Àlex sticks his head out to see what’s happening with the journalists. They seem happy. Phew! He hates not being able to keep an eye on every last detail, since he knows how much attention the gourmet press pays to the finer points of the appearance of the dishes, which must look beautiful, as they take photos and may even publish them. He can’t afford to take the risk of letting a sixteen-year-old kid with his brain addled by drugs, beer, heavy metal and the obnoxiously loud exhaust of a souped-up motorcycle serve his food. He can see Carol’s black mane of hair from the doorway. She’s surrounded by the best-known journalists and tossing down the wine like it’s going out of fashion. This woman never leaves a drop in any bottle, he thinks. Then, he almost has a seizure. Fuck! Carol! He’s totally forgotten about her because of the bloody interview.

“Eric, Eric!” he shouts.

“What’s the matter, boss?”

“That woman, Carol, did she come into the kitchen?”

“Yeah, while you were doing that interview. When are they going to show it? Wow! When my mates see it I’ll be more famous than Michael Jackson.”

“Shut up, will you! That’s enough of your nonsense. Tell me what she did. What?” Àlex is almost hysterical.

“She put something in the pot.”

“What pot?”

“The watercress soup. The pot’s in the sink now.”

“Bloody hell!”

He paces round the kitchen. He’s desperate. What can he do? And Annette – please, please, no, don’t let her have tasted it, he begs some deity.

*  *  *

The party’s been a great success.

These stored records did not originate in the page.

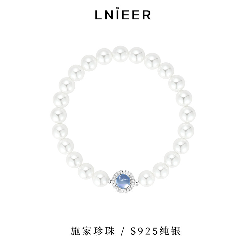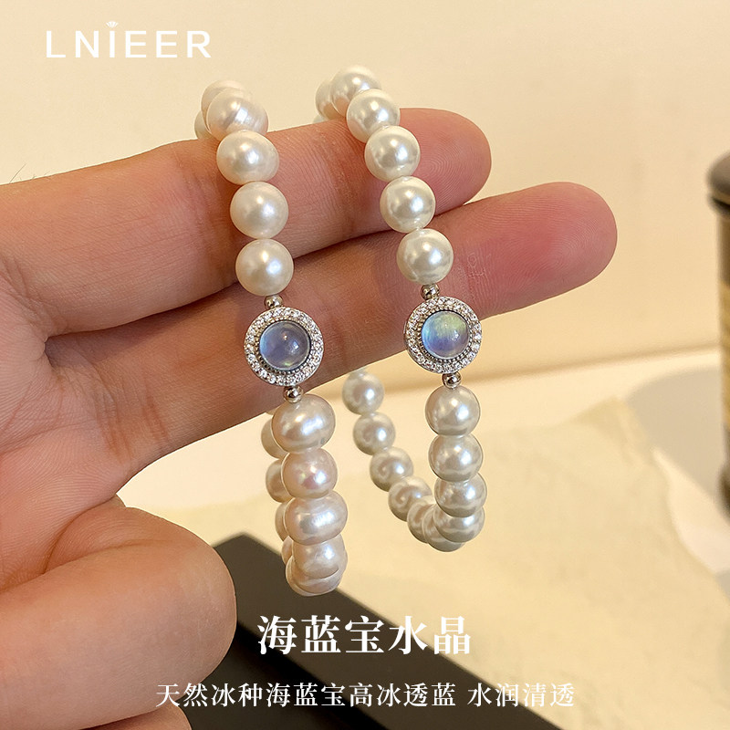 📚 925纯银海蓝宝天然淡水珍珠手链女款轻奢小众法式手镯手串送礼物
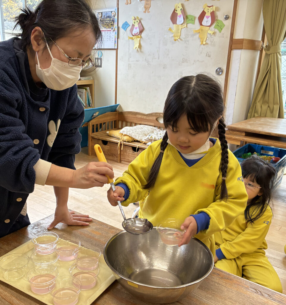 また、お別れ会の前日からはゼリー作りも行い、当日を楽しみに準備を進めてきました♪
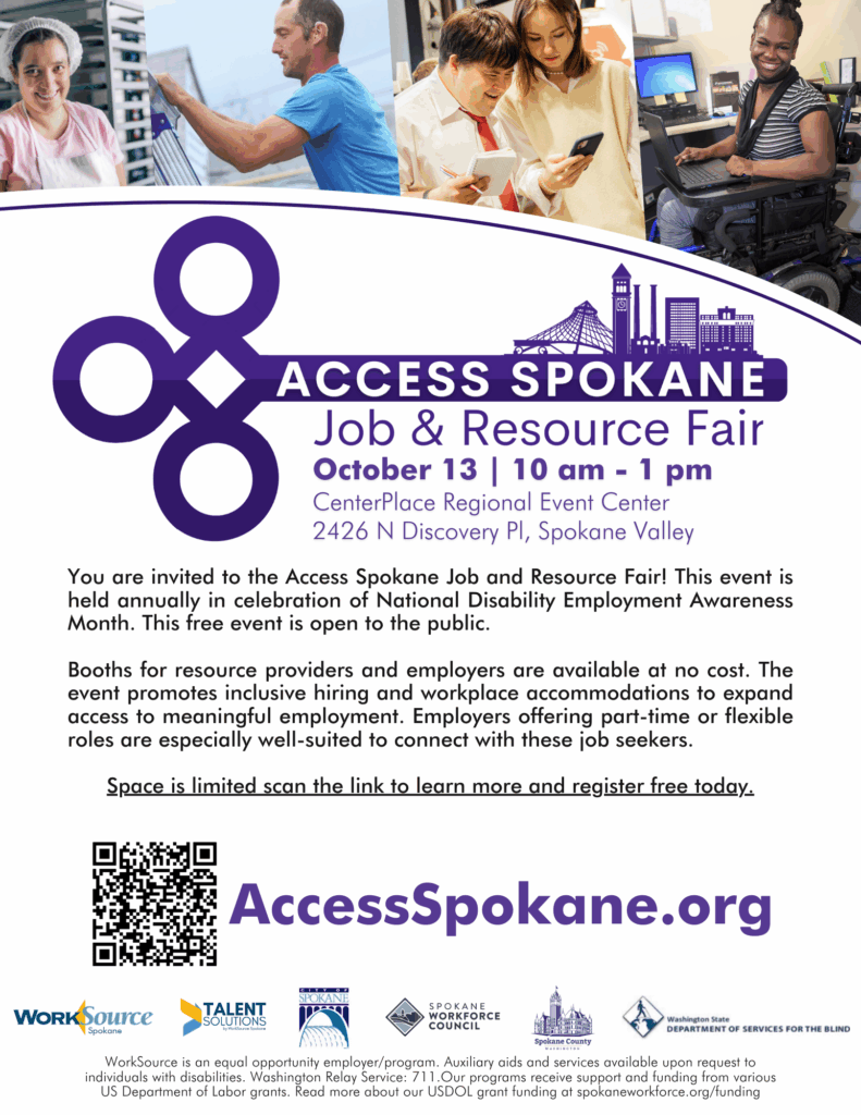 Spokane, WA — This October, the Spokane Workforce Council and community partners proudly present the Annual Access Spokane Resource and Job Fair, a vibrant event honoring National Disability Employment Awareness Month. Local employers are invited to participate in this impactful hiring and resource fair.
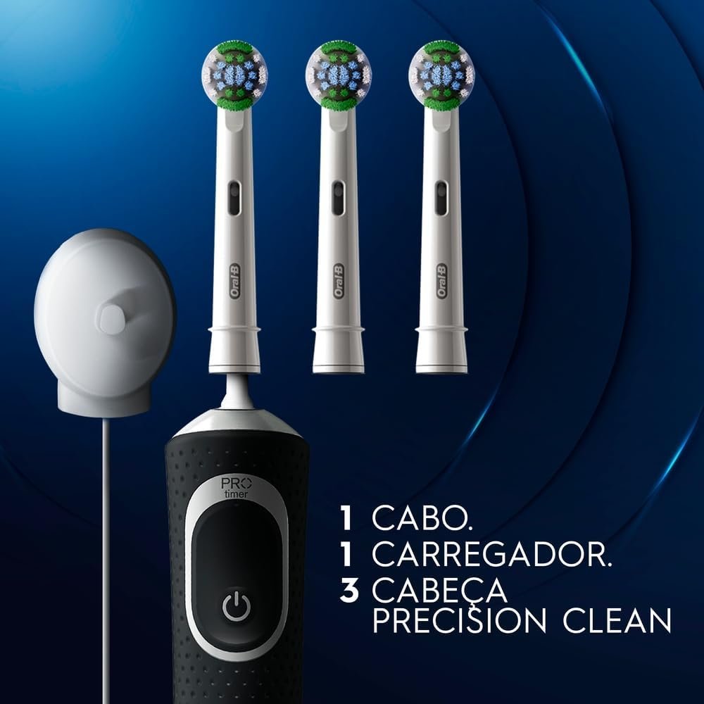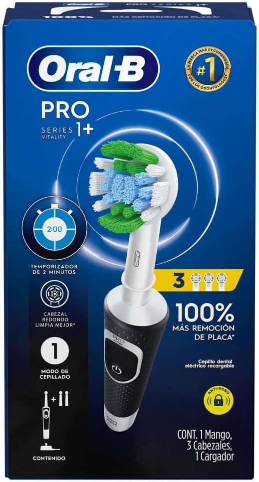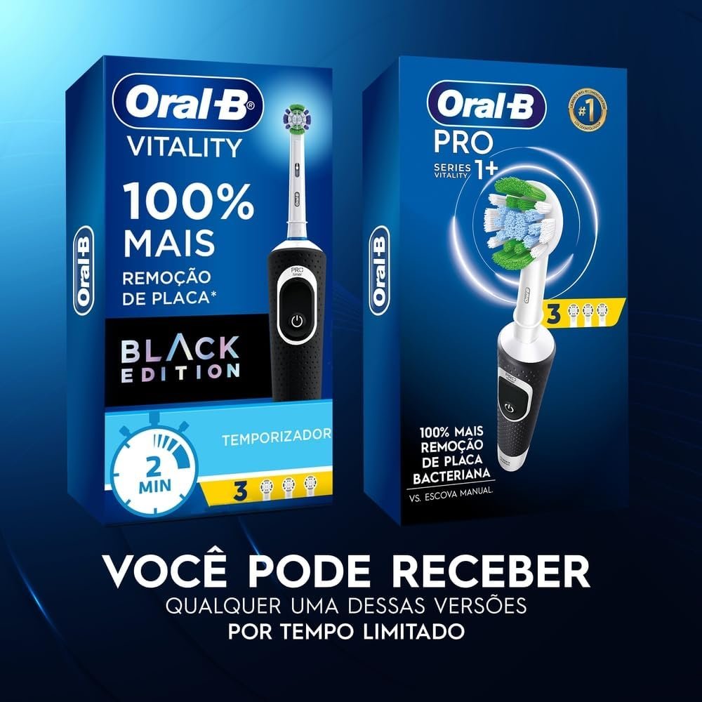 Use a Escova de Dentes Elétrica exclusiva Oral B Vitality 100+ com a qual você terá 100% mais remoção de placa * (* vs. escova de cerdas retas) graças ao seu design especial com cabeça redonda que proporciona limpeza superior. Além disso, está escova elétrica possui sua estação de carregamento e um temporizador que ajuda você a escovar os dentes por 2 minutos, recomendada por especialistas em saúde bucal.
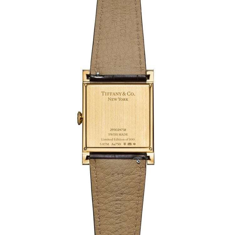 もちろん『ユニオン スクエア』ウォッチは、スイスの熟練職人によって丁寧に手作業で製造されたアイテムでもある。18Kイエローゴールドケースに、ブラウンのアリゲーター ストラップを組み合わせた贅沢な仕様で、リュウズトップには、ブランドを象徴するティファニーブルーがあしらわれている。またケースバックには「Limited Edition」の文字が刻印され、その希少性を物語る。ムーブメントは自動巻きを採用、5気圧防水仕様で実用性も備えている。
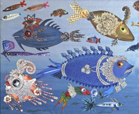 I pesci di Clara Rezzuti, sottolinea ancora Mario Franco, si inseriscono a pieno titolo nella tradizione dei bestiari fantastici, che utilizzano le caratteristiche e le proprietà naturali e soprannaturali di animali irreali, secondo le tradizioni che partono dalle cattedrali del Medioevo, “se non addirittura da quella che si crede il primo “bestiario fantastico”: il Physiologus, scritto probabilmente nella seconda metà del II secolo d.C. ad Alessandria. Ma esempi di animali metamorfizzati si ritrovano anche nelle moderne letterature, da Guillaume Apollinaire a, ovviamente, Jorge Luis Borges. Il suo “Manuale di zoologia fantastica” è un libro fra i più interessanti del geniale scrittore argentino: fra le maglie del suo dottissimo gioco letterario s’intravedono profondi abissi teologici. E teologica del resto è anche l’ispirazione di Clara Rezzuti (senza dimenticare che il pesce è stato a lungo un simbolo del cristianesimo), il panteismo che le permette di ibridare fauna e flora, così come la tecnica pittorica le consente l’ibridazione di colori e collages, trasparenze vitree e opacità quasi minerarie. Così, pesci fantastici e mitologici come le sirene, nuotano con una varietà tutta napoletana, che ricorda il catalogo del “Guarracino” che si azzuffa per la bella “sardella”, scompigliando il placido Tirreno. Se Borges, a proposito del drago affermava: «Ignoriamo il senso del drago, come ignoriamo il senso dell'universo; ma c'è qualcosa, nella sua immagine, che s'accorda con l'immaginazione degli uomini», possiamo dire che le profondità marine, con il loro brulicare di vita misteriosa, ci fanno riflettere sulla folla dei pensieri e delle fantasie che popolano la mente di un’artista”.
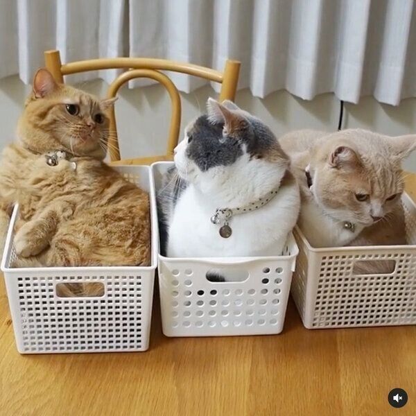 「可愛い」が渋滞してる! マンチカン3姉妹がそれぞれカゴに入った後のやりとりに注目
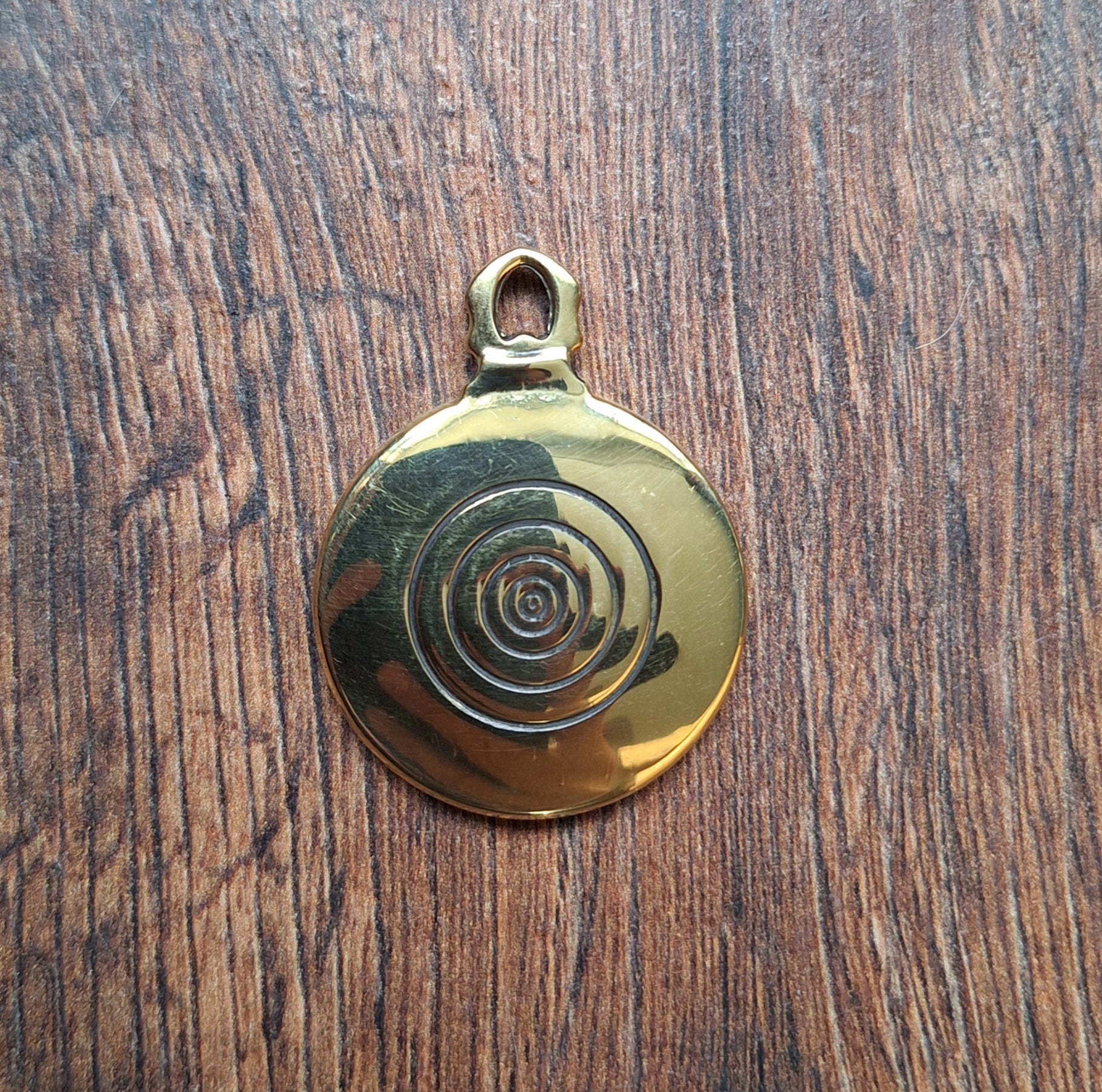 On the frontside of this mirror a depiction of concentric circles can be seen. They symbolize a correctly focused attention, through which the energyflow between the wearer and the universe is very precisely connected and directed, without being scattered or disturbed.

The journalists have left more than happy after eating and drinking to their hearts’ content, and the write-ups will certainly be fulsome, Annette thinks. She’s very tired, that’s for sure. She could never have imagined that a formal opening could be so much work and cause so much stress, especially when she had to make her little speech. She didn’t say everything she wanted, but she didn’t do badly, given that she was trembling like a reed in the wind and, in her nervousness, she spoke half in French, half in English, providing the journalists with the anecdote of the night. She would really have stolen the show if she’d finished off in Graça’s languages, Portuguese and Swahili! Graça and Eric have gone home, as has Òscar, who, after reclaiming his camera from its perch, is thrilled with his film, although it’s going to be difficult to make a short out of it when he has enough material for a feature.

Annette and Àlex sit down at the kitchen table and drink a bottle of cava. Although they’re both doing the same thing, their moods are very different. Annette savours her cava with delight, sighing contentedly over the bubbles and gabbling on non-stop. Àlex sips his in silence, also sighing, but it comes out more as whimpers from the depths of his heart and mind. Annette’s so thrilled she doesn’t notice his silence at first, but then she stares at him. “What happen you? You no are happy? It go very well and they love menu you make, especially sea urchins, and Carol she praise very much the watercress soup.”

“Bloody bitch…” he mumbles.

“What you say?”

“Nothing, nothing. Yes, it went very well… Annette, listen…”

“Yes?” She’s intrigued.

“We have to work on the aromatic salts. I think it’s a brilliant idea and I’m sure they’ll sell very well. Maybe the business will let us forget about the restaurant, and you know what I’d really like to do? Close the
place down and go somewhere else, a long way from here. How about accepting the Can Bret offer?”